Posts Tagged ‘Dow Jones Industrial Average’

Remembering Black Tuesday

Remembering Black Tuesday

Summary of the Dow Jones Industrial Average on Black Tuesday and the closing numbers for October 29, 2013.

Does anyone remember Black Tuesday? It was the day that marked the beginning of the Wall Street Crash of 1929.

Eighty-four years ago today, we were on the brink of the Great Depression. We call it the Great Depression – not because it was good but because of the scope and duration of this event. Today we are entering into unprecedented territory once again as the market reaches new highs. Reflecting on the last eighty-four years, what lessons have we learned and how can we use that information going forward?

Manage risk properly.

Speculative trading magnifies profits AND losses. Understand the risks going in and develop an appropriate risk strategy. If you are emotionally involved, consider working with a professional to give perspective. You can still make the final decision. I remember a time shortly after 9/11 when the markets were particularly uncertain. I spoke to an investor who sold all of their holdings because they feared losing money. They succeeding in locking in losses and when they finally felt safe enough to buy back in, they purchased at a higher price. Instead of paper losses they realized capital losses. Ouch! They were upset with their decision and in hindsight wished they had not sold at a loss. Tough lesson on the price of allowing your emotions to make your investment decisions.

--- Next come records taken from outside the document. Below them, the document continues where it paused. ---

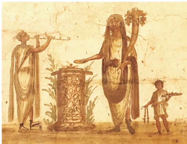
Fig. 1. Peinture du Genius . MANN inv. 8905.

en absolument aucun lieu ni aucune ville. Que nul ne vénère, sacrilège plus discret, son dieu Lare par le feu, un Génie par du vin pur, les Pénates par du parfum, ni n'allume des lampes, ne dépose de l'encens ou ne suspende de guirlandes » [4].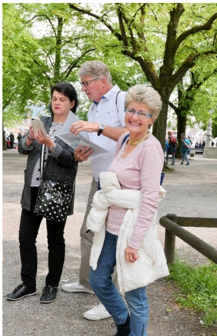
Le GO sur le Lindenhof consultant sa documentation

Poursuivant sa marche sur la rive gauche de la Limmat, notre groupe musardant du fait des nombreuses et intéressantes boutiques se trouvant sur notre chemin la traversa pour rejoindre la rive droite et gagner notre prochain but, la Spiegelgasse 14 , domicile durant la Première Guerre mondiale du célèbre révolutionnaire communiste Vladimir Ilitch Oulianov, dit Lénine. Il y a vécu de 1916 à 1917 avec sa femme, Nadia Krupskaya dans un appartement de 2 pièces.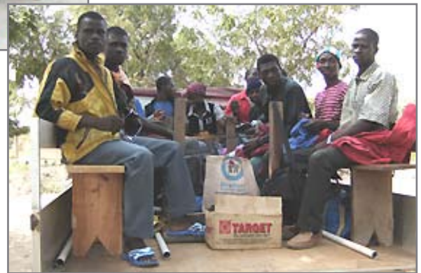
Bereit für einen Evangelisationseinsatz.

Der mitgebrachte Generator war von schlechter Qualität und ging schon am ersten Tag in Brüche. Dagegen hatte ich in der Schweiz einen Honda-Generator, der angeblich defekt war, zum Entsorgen erhalten. Den hatte ich nach Benin geschickt. Nach einer gründlichen Reinigung des Tanks und einer Revision funktionierte dieser sehr gut. Der HERR ist wunderbar! Der Bibelschuldirektor und sein Vertreter führen zusammen mit den Schülern und dem Kleinlas-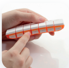
S'ouvre d'une simple pression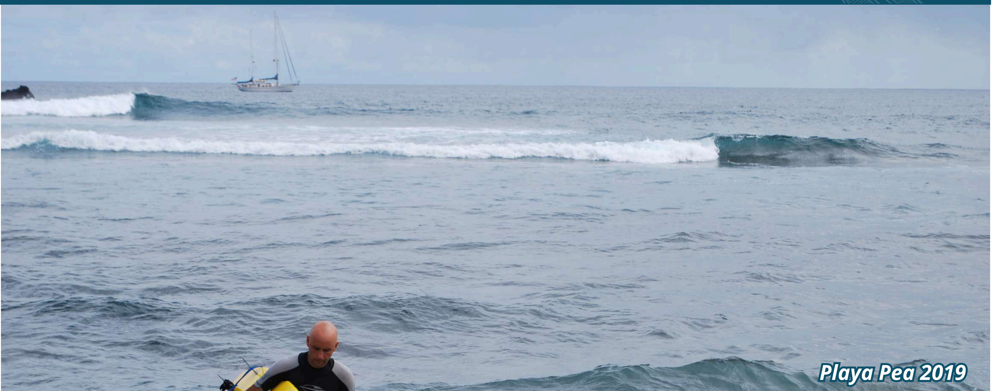
Playa Pea 2019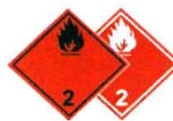
N°2.1 Gaz inflammable et non toxique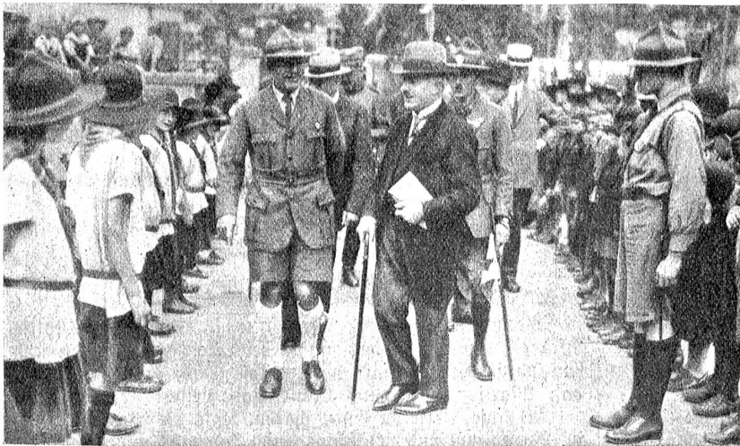
Bundesrat Motta bei den Pfadfinderinnen.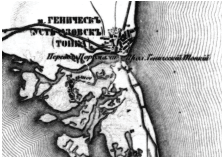
Рис. 1. Зображення протоки Тонкої на карті середини XIX ст. (до створення залізниці на Арабатську стрілку)

Аналізуючи більш пізні карти останньої чверті XIX ст. (рис. 2), карти Херсонської області до 70-х років XX століття і, зокрема, північної частини Арабатської стрілки, також бачимо чітке зображення єдиної протоки, яка сполучає затоку Сиваш з Азовським морем.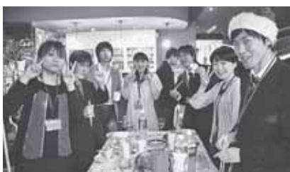
▲クリスマス会「キラッと☆クリスマス」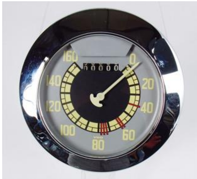
Tacho eines Porsche 356 Gmünd von 1949 ; verkauft für 10.070,- €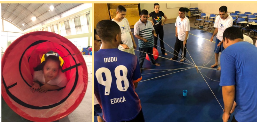
Figura 20 / 21 - Atividades Psicomotoras

N a Psicomotricidade, a ênfase é no desenvolvimento e habilidades básicas perceptivas, movimentos básicos fundamentais, expressão corporal, comunicação não verbal, conceitos concretos e abstratos. Por meio de situações variadas, de acordo com as necessidades e capacidades do aluno, utilizam-se recursos materiais e diversas brincadeiras, para explorar de forma lúdica a criatividade, estimulando o desenvolvimento da criança e do adolescente, promovendo também o desenvolvimento das funções intelectuais.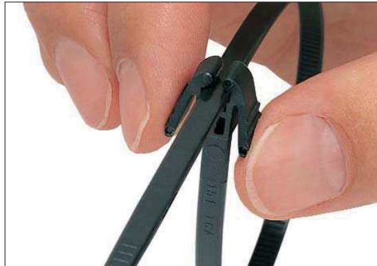
Der REZ-Kabelbinder lässt sich einfach wieder öffnen.

Die REZ-Kabelbinder sind überall dort geeignet, wo ein einfaches und schnelles Wiederöffnen wichtig ist, z. B. bei der Vormontage in der Kabelkonfektion.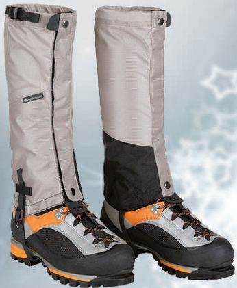
Legghlífar, svartar/gráar verð frá 7.790 kr.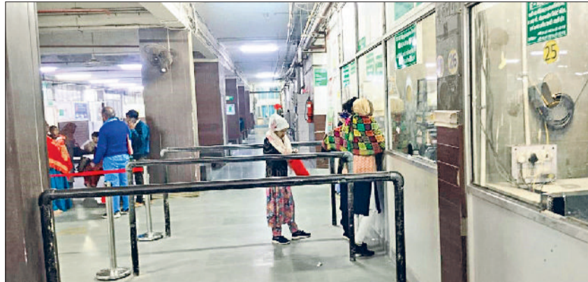
रेवाड़ी। सूना पड़ा सामान्य अस्पताल की ओपीडी स्लैप का काउंटर।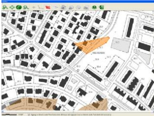
Figura 2: schermata di lavoro dell'applicativo GeoArc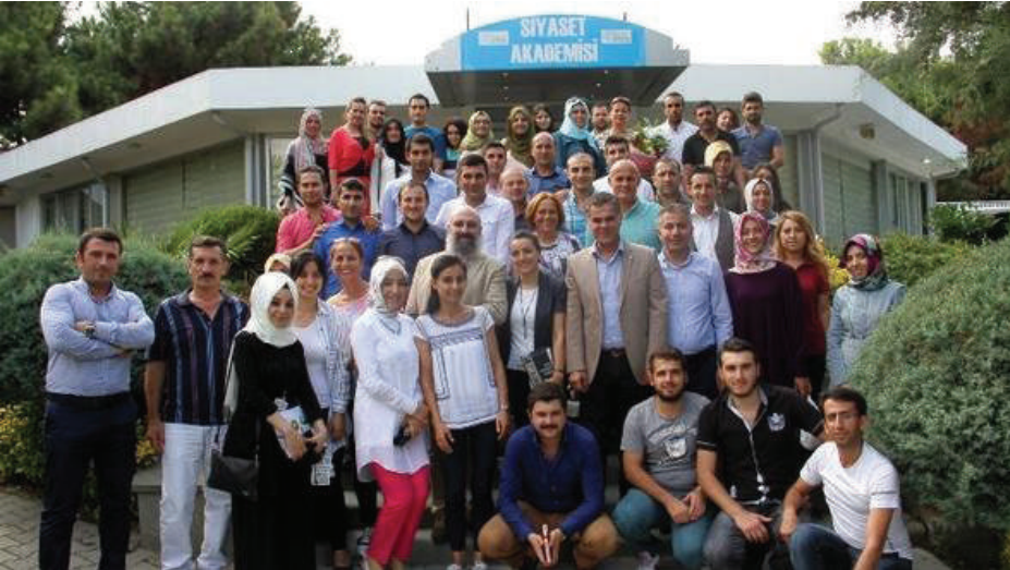
صورة للمدرسين والمشاركين في محاضرات أكاديمية السياسة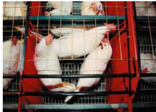
Burhøns.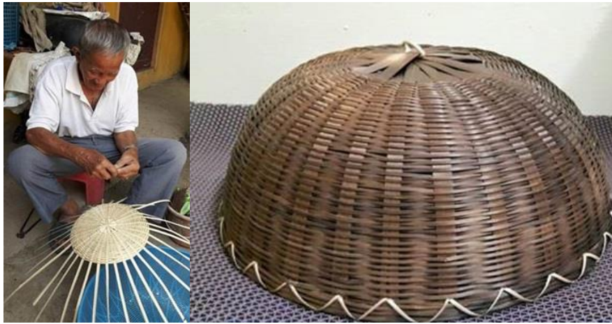
ภาพที่ 15 ฝาชีครอบอาหารที่ผ่านกระบวนการควั่น

No one has a crystal ball.

If you had asked someone in 1929 to predict where the stock market would be in 2013, they would have been hard pressed to imagine it would be in the 15,000 range.  The truth is that the market will continue to do three things – rise, fall and stay flat. It is possible to make money in each environment and understanding which strategies work best in different market conditions will make you a more successful investor.

Knowledge is power.

Understanding your values, goals, time horizon and risk tolerance pays big dividends. Most people distract themselves with market movements and are looking at those numbers to check their performance. That is useful information however, it is more important to measure your progress towards your goals. The market may be down but if you are on track with your goals, you sleep better at night and it is less scary to open up your quarterly statements. Conversely, the market may be up and if you are not on track to meet your goals, you are feeling a false sense of security and it is time to reevaluate your plan and get back on track. Up, down or sideways – it is important to measure YOUR progress against YOUR goals.

Remember these lessons and learn from Black Tuesday.